Control of Interfacial Charge Transfer in Organic Dye-Sensitized Solar Cells Based on Cobalt Electrolytes

Yan Hao^a, Gerrit Boschloo^a, Erik Gabrielsson^b

^aOrganic Chemistry, Centre of Molecular Devices, Department of Chemistry, Chemical Science and Engineering, Royal Institute of Technology (KTH), SE-10044 Stockholm, Sweden, Sweden

International Conference on Hybrid and Organic Photovoltaics
Proceedings of International Conference on Hybrid and Organic Photovoltaics 2015 (HOPV15)

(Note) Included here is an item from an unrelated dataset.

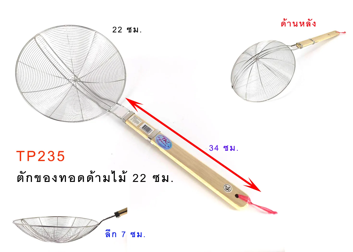 TP235 ตักของทอดด้ามไม้ 22 ซม.

Roma, Italy, 2015 May 11th - 13th

Organizer: Filippo De Angelis

Poster, Yan Hao, 392
Publication date: 5th February 2015

The understanding of charge transfer dynamics in dye-sensitized solar cells (DSCs) is of fundamental interest and the control of it is essential for the elevation of devices from the laboratory to large scale production. A key requirement for an excellent device performance is a highly efficient electron injection and regeneration of the oxidized dye.^1-3 These beneficial electron transfer processes are in competition with the decay of the excited state of the dye to the ground state and the recombination of injected electrons with dye cations. Recombination with the redox mediator is an additional process which can limit the overall efficiency as well. On the sight of slowing down the recombination between injected electrons and dye cations, a possible way to attenuate losses through recombination is to move the positive charge further away from the metal oxide surface. Herein by desigining the synthesis and describing the utilization of a supramolecular approach, a modified triphenylamine dye named E6 has been successfully used in dye-sensitized solar cell, where two external triphenylamine (TPA) donors via insulating aliphatic chains were introduced into donor part compared with D49, as shown in Figure 1. This molecule enables a charge transfer from the center triphenylamine group to the outer triphenylamine units and therefore possibly further away from the TiO₂ surface. Possibly due to its bulky structure it has an acceptable blocking effect to prevent the recombination of electrons from TiO₂ to the cobalt-based electrolyte. And by facilitated charge transfer from core to external TPA groups, the recombination to the oxidized form of the dye is also be suppressed as we expect. So, we are very positive to suggest the presented supramolecular approach for the improvement of the solar cells.
Figure 1: Chemical structures of D49 and E6.
1. Ghadiri, E.; Taghavinia, N. S.; Zakeeruddin, M.; Grätzel, M.; Moser, J. E.; Nano Lett 2010, 10, 1632-1638. 2. Listorti, A.; O'Regan, B.; Durrant, J. R.; Chem. Mat 2011, 23, 3381-3399. 3. Bauer, C.; Boschloo, G..; Mukhtar, E.; Hagfeldt, A.; J. Phys. Chem. B 2002, 106, 12693-12704.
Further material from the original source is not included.